A variety of cups and mugs with one larger blue jug
Cups and mugs can be quite different but they all serve a similar purpose

Similar is not the same but it helps!

In this article you will be introduced to the concept of homology annotation, a way to identify sequences that are similar to one another.

Imagine that you have never seen a coffee mug before. However, you have drunk water from a tumbler glass, a paper cup and even used your hands as a vessel. When you see an “unknown item” (i.e. coffee mug), despite its unfamiliar form, with a handle sticking out of one side, because of the shape of this item you can infer it might (or at least could) be used for the same purpose of holding or drinking a liquid. Very intuitive, right?

Assigning the same function to things that look similar is innate to human nature. The same process can be used for protein sequences.

Now imagine that we have a large collection of protein sequences (e.g. 1000) only 20 of which we know the function. We can use a similar approach to that used with the coffee mug to infer their functions: sequences that look the same have a good chance of doing the same thing.

This is called homology annotation and the principle that enables scientists to use similarity to infer function is based on the conservation of a given sequence or slight variations of it throughout evolution. In general terms, the more similar two sequences are, the more likely they are to be related. Consequently, homology annotation is based on the comparison of DNA or proteins at the sequence level - that is, by comparing the similarity of nucleotides or amino acids sequences between related sequences.

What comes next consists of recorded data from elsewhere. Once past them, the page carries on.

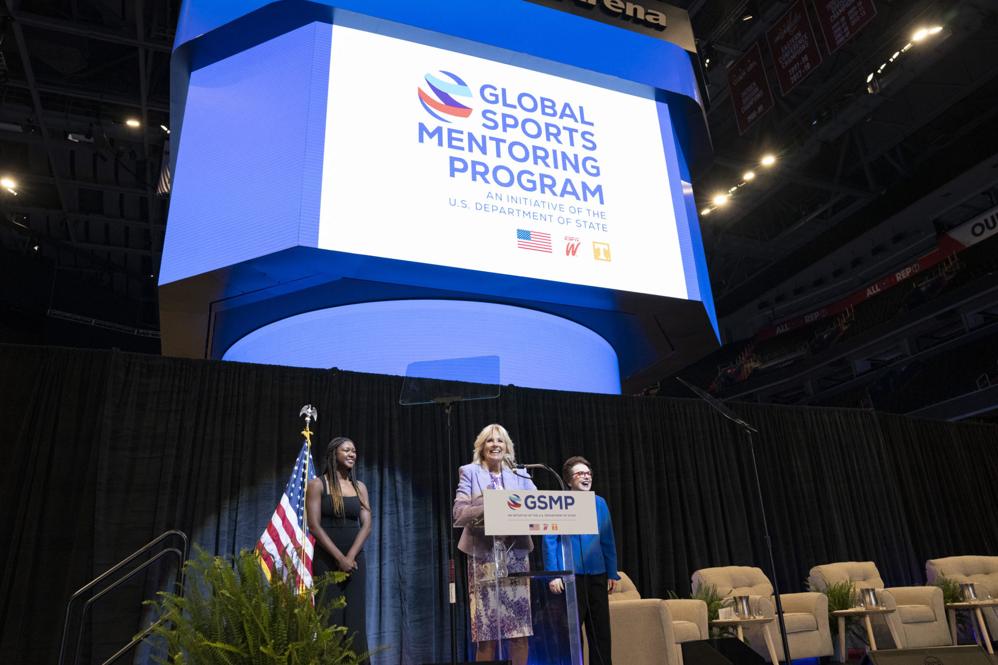 King and Biden discussed the importance of the landmark legislation, which was signed on June 23, 1972 and guaranteed equality for women in sports and education. The event, hosted by the State Department, also commemorated the 10th anniversary of the Global Sports Mentoring Program, an initiative that pairs women across the world with senior executives from U.S. based companies such as ESPN, Gatorade, and the U.S. Olympic and Paralympic Committee.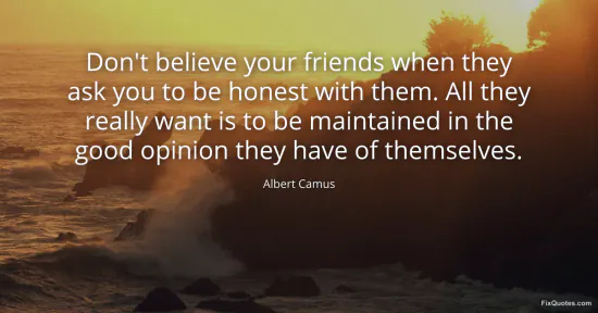 Camus, Albert. "Don't believe your friends when they ask you to be honest with them. All they really want is to be maintained in the good opinion they have of themselves." FixQuotes. January 18, 2026. https://fixquotes.com/quotes/dont-believe-your-friends-when-they-ask-you-to-be-15129/.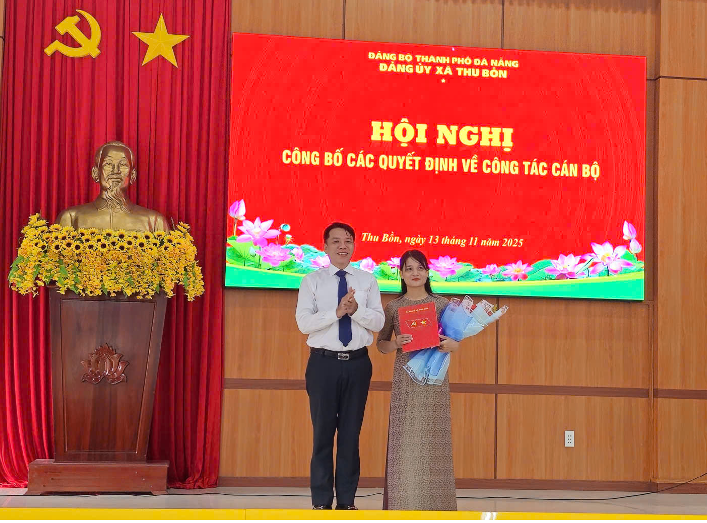 Công bố Quyết định của Đảng ủy xã Thu Bồn về việc bổ nhiệm giữ chức vụ Phó Trưởng Ban Xây dựng Đảng xã đối với đồng chí:

Protein sequences that confer function are often found in blocks of conservation called protein domains. These regions have a defined three-dimensional structure or motif (shape) that can function and evolve independently from the rest of the protein sequence. These blocks of conservation are found in proteins throughout nature, and any given protein sequence can have more than one protein domain. The key to using motif similarity to infer function relies on the principle that when two proteins have a conserved function, although their sequence similarity at the amino acid level can be lost, their protein domain conservation must remain.

However, there are exceptions to every rule and it is possible that two sequences or motifs that are similar to each other have different roles in different organisms or even in different compartments of the same cell. Therefore, it is important to remember that the inference of function is only a projection of its function. Therefore, it is common to see protein names or functional descriptions accompanied by the words “putative” or “potential”. In order to be certain of the function of a protein, it must be confirmed by experiment.

For a more in-depth view of how these secondary databases can aid the annotation of full genomes, we recommend this review article entitled “Protein function annotation by homology-based inference” by Loewenstein et al.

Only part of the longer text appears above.